Exercise details: From the records below, output exactly the lines starting at the line with "- 600 g kipfilet, in blokjes gesneden" and ending at the line with "Этот креативный рюкзаковый", both of them included, but no pictures.

Provided records:
>>
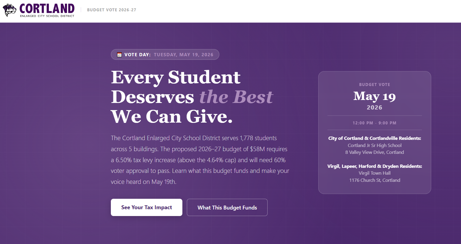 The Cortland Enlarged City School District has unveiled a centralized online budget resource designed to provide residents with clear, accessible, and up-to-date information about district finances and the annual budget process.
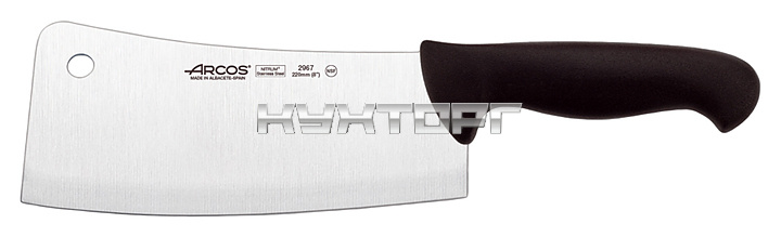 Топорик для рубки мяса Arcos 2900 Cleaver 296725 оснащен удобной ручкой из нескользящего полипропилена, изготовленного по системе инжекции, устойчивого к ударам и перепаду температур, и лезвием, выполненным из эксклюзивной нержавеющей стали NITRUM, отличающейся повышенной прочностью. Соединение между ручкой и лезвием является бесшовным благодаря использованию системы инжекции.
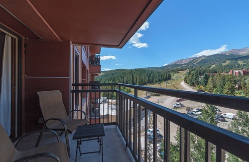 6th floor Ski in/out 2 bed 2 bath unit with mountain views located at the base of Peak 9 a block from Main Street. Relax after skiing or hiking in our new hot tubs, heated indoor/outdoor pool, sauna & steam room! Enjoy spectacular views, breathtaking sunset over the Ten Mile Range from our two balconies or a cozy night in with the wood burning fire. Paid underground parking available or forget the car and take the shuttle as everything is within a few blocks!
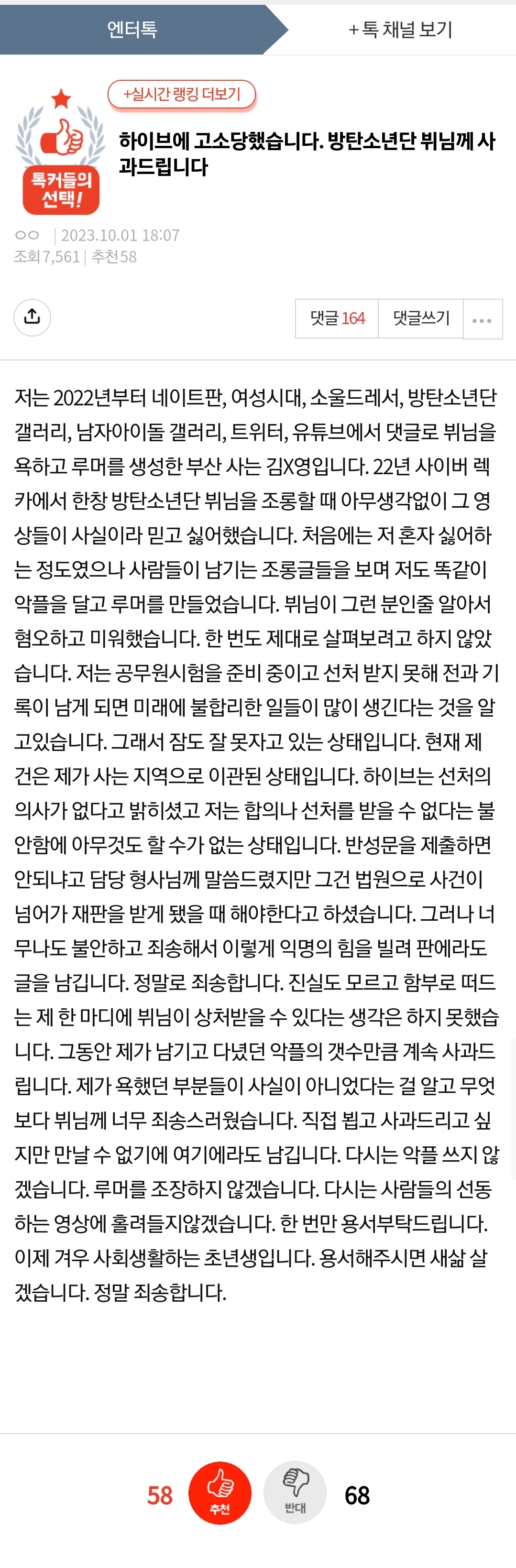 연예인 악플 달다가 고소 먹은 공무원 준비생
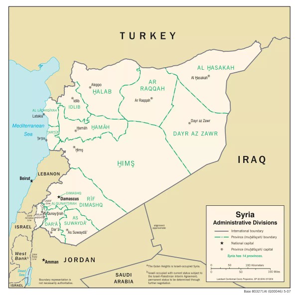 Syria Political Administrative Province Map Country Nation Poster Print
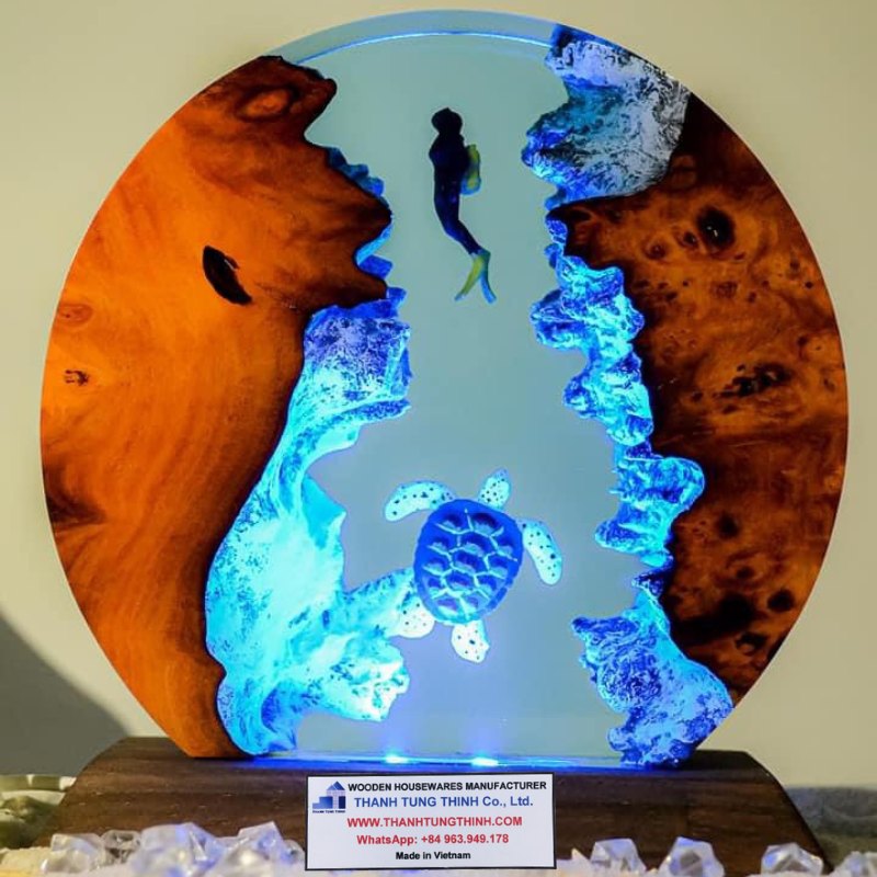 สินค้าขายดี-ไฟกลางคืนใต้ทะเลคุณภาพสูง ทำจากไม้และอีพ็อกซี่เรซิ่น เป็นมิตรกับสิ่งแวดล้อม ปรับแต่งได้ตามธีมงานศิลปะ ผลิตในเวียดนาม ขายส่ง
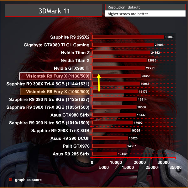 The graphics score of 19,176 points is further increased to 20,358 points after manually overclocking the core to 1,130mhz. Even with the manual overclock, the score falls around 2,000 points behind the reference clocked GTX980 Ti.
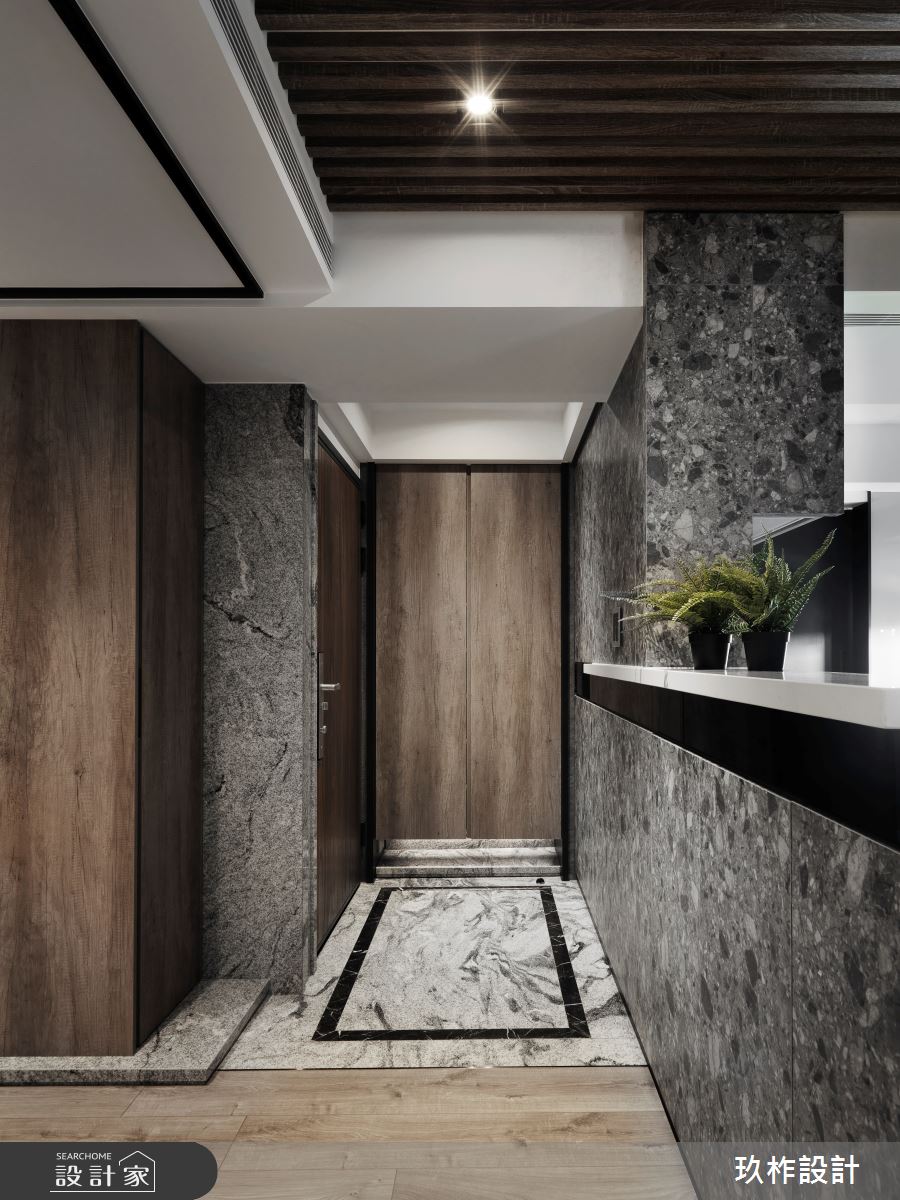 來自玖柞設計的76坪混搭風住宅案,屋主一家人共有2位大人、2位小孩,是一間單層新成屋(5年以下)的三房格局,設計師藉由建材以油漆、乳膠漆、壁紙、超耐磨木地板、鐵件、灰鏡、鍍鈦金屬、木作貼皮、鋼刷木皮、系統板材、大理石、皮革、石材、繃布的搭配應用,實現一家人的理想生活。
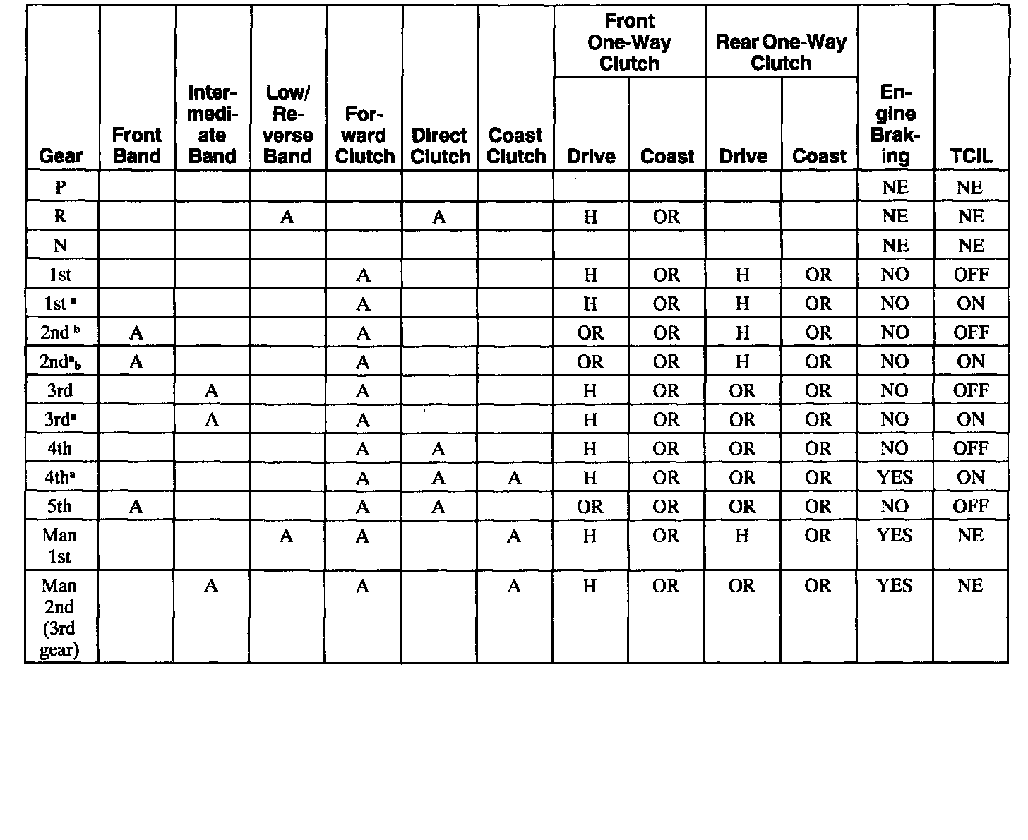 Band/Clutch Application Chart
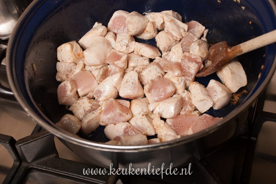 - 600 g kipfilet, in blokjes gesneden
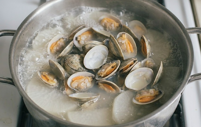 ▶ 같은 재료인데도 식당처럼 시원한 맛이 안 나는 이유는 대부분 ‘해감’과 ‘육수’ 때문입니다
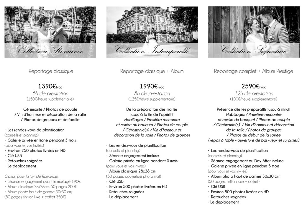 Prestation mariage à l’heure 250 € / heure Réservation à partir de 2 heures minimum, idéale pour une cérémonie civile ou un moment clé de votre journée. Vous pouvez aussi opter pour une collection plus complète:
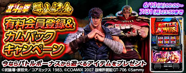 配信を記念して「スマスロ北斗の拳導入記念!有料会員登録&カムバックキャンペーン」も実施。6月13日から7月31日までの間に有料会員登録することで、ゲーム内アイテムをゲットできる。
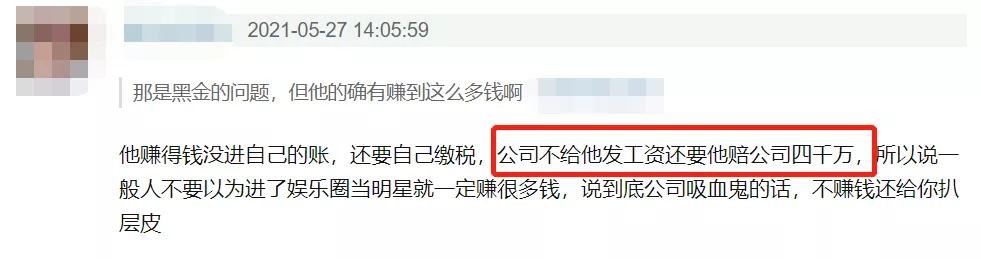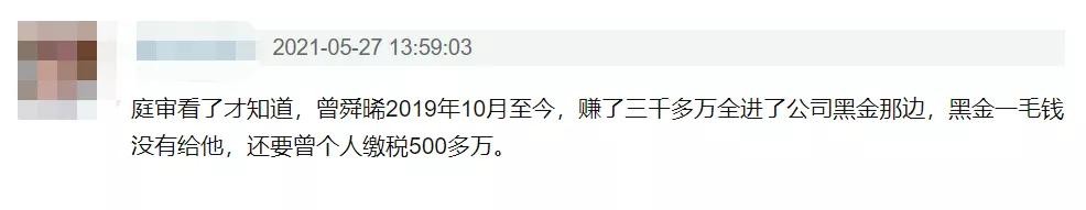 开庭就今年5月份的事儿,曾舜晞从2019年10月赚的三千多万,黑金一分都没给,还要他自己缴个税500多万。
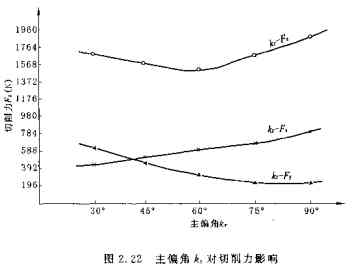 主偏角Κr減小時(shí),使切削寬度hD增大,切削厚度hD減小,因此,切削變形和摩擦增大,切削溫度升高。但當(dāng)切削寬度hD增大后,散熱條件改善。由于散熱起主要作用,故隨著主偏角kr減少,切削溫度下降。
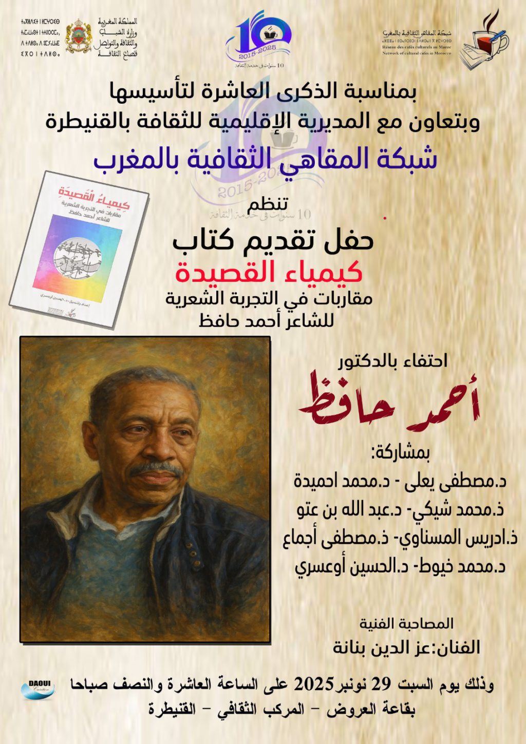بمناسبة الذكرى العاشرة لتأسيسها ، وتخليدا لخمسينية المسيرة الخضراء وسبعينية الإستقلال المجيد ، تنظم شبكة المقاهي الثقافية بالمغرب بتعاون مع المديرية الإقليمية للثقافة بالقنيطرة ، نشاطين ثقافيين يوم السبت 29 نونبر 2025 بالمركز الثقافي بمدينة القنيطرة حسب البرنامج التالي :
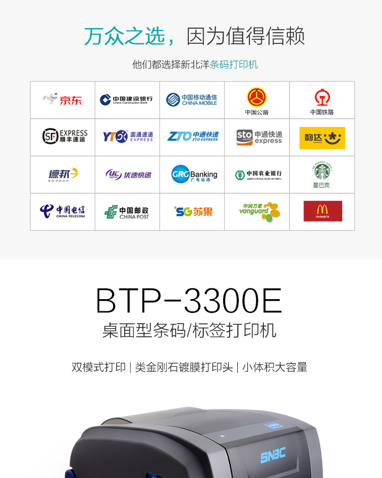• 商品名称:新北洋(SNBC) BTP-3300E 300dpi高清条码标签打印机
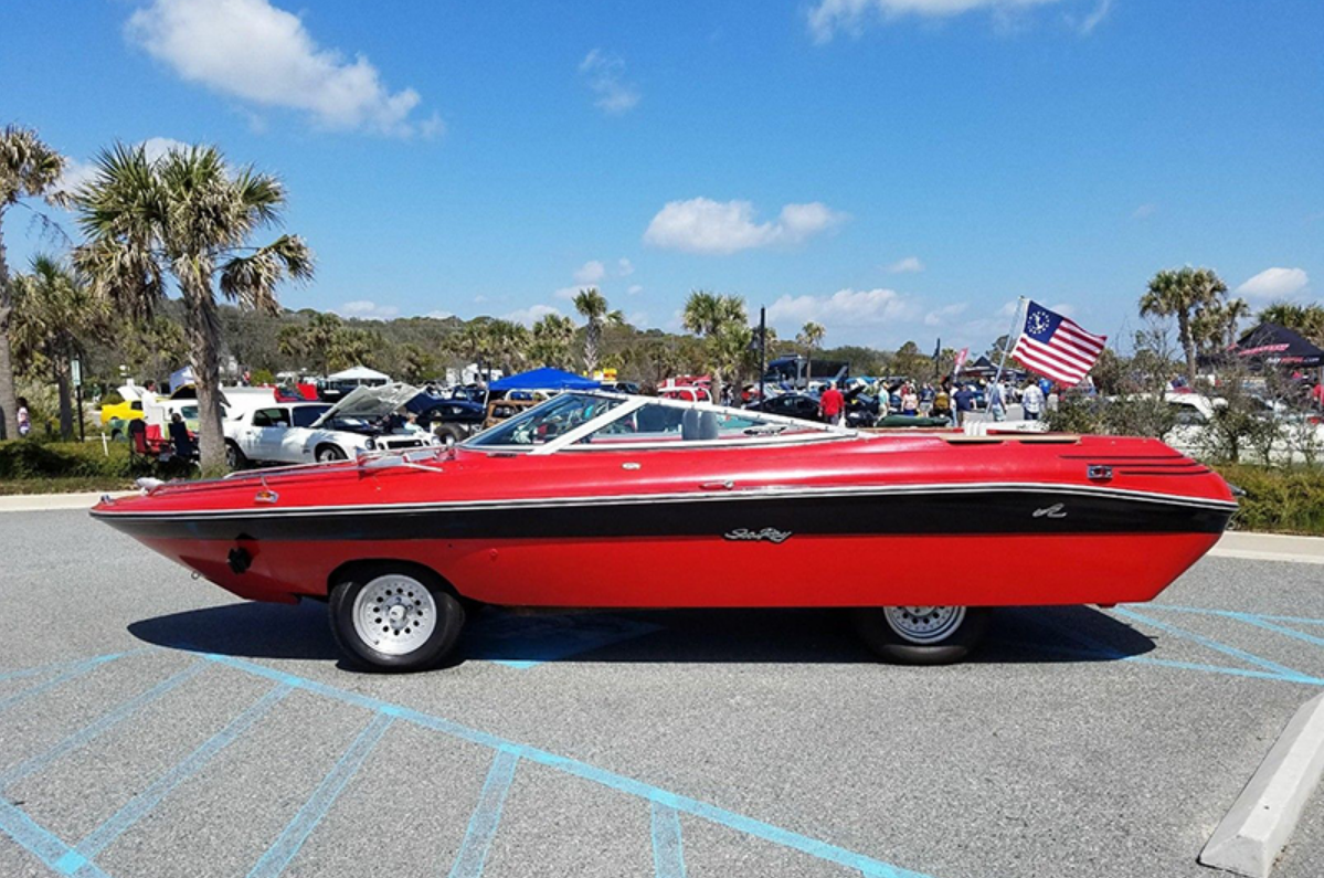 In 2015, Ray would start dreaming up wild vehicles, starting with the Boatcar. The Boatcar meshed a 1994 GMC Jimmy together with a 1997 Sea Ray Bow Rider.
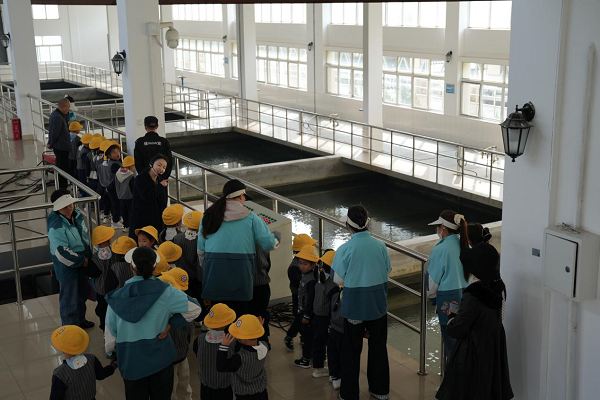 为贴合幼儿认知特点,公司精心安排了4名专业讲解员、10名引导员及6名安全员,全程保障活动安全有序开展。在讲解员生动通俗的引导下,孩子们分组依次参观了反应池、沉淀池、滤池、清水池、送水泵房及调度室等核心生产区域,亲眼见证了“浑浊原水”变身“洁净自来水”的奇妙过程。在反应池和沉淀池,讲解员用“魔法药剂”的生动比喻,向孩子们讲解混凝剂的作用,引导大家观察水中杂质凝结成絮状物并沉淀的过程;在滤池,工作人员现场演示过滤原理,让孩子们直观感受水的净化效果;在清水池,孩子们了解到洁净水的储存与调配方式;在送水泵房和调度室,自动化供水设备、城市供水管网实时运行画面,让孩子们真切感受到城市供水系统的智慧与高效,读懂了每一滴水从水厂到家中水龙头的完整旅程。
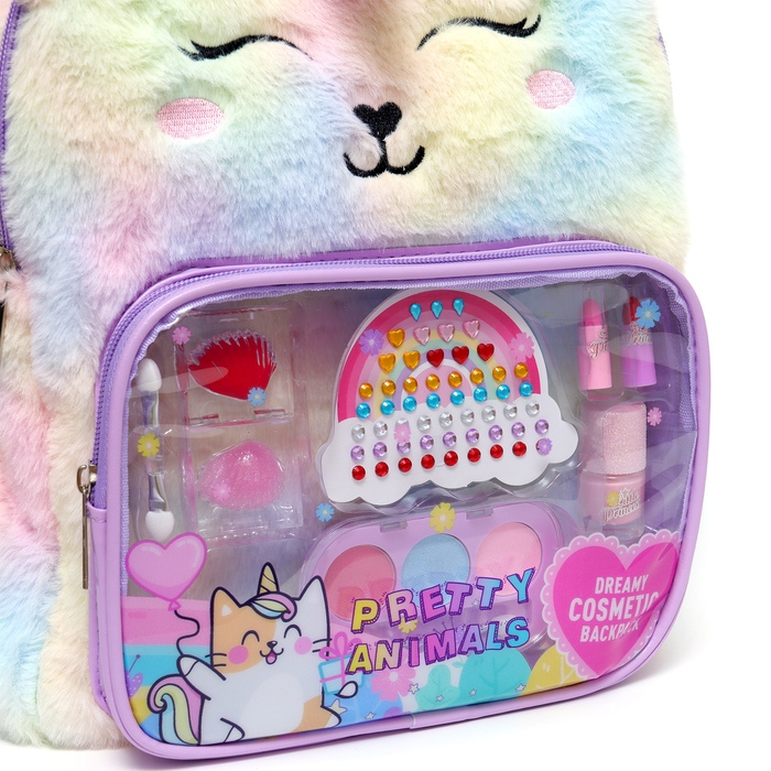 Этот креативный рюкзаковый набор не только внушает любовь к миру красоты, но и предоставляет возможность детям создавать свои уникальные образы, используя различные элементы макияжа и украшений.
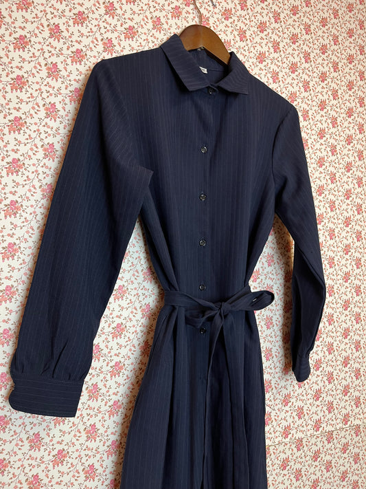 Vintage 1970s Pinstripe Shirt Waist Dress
<<
Result below:
 - 600 g kipfilet, in blokjes gesneden
 ▶ 같은 재료인데도 식당처럼 시원한 맛이 안 나는 이유는 대부분 ‘해감’과 ‘육수’ 때문입니다
 Prestation mariage à l’heure 250 € / heure Réservation à partir de 2 heures minimum, idéale pour une cérémonie civile ou un moment clé de votre journée. Vous pouvez aussi opter pour une collection plus complète:
 配信を記念して「スマスロ北斗の拳導入記念!有料会員登録&カムバックキャンペーン」も実施。6月13日から7月31日までの間に有料会員登録することで、ゲーム内アイテムをゲットできる。
 开庭就今年5月份的事儿,曾舜晞从2019年10月赚的三千多万,黑金一分都没给,还要他自己缴个税500多万。
 主偏角Κr減小時(shí),使切削寬度hD增大,切削厚度hD減小,因此,切削變形和摩擦增大,切削溫度升高。但當(dāng)切削寬度hD增大后,散熱條件改善。由于散熱起主要作用,故隨著主偏角kr減少,切削溫度下降。
بمناسبة الذكرى العاشرة لتأسيسها ، وتخليدا لخمسينية المسيرة الخضراء وسبعينية الإستقلال المجيد ، تنظم شبكة المقاهي الثقافية بالمغرب بتعاون مع المديرية الإقليمية للثقافة بالقنيطرة ، نشاطين ثقافيين يوم السبت 29 نونبر 2025 بالمركز الثقافي بمدينة القنيطرة حسب البرنامج التالي :
• 商品名称:新北洋(SNBC) BTP-3300E 300dpi高清条码标签打印机
 In 2015, Ray would start dreaming up wild vehicles, starting with the Boatcar. The Boatcar meshed a 1994 GMC Jimmy together with a 1997 Sea Ray Bow Rider.
 为贴合幼儿认知特点,公司精心安排了4名专业讲解员、10名引导员及6名安全员,全程保障活动安全有序开展。在讲解员生动通俗的引导下,孩子们分组依次参观了反应池、沉淀池、滤池、清水池、送水泵房及调度室等核心生产区域,亲眼见证了“浑浊原水”变身“洁净自来水”的奇妙过程。在反应池和沉淀池,讲解员用“魔法药剂”的生动比喻,向孩子们讲解混凝剂的作用,引导大家观察水中杂质凝结成絮状物并沉淀的过程;在滤池,工作人员现场演示过滤原理,让孩子们直观感受水的净化效果;在清水池,孩子们了解到洁净水的储存与调配方式;在送水泵房和调度室,自动化供水设备、城市供水管网实时运行画面,让孩子们真切感受到城市供水系统的智慧与高效,读懂了每一滴水从水厂到家中水龙头的完整旅程。
 Этот креативный рюкзаковый набор не только внушает любовь к миру красоты, но и предоставляет возможность детям создавать свои уникальные образы, используя различные элементы макияжа и украшений.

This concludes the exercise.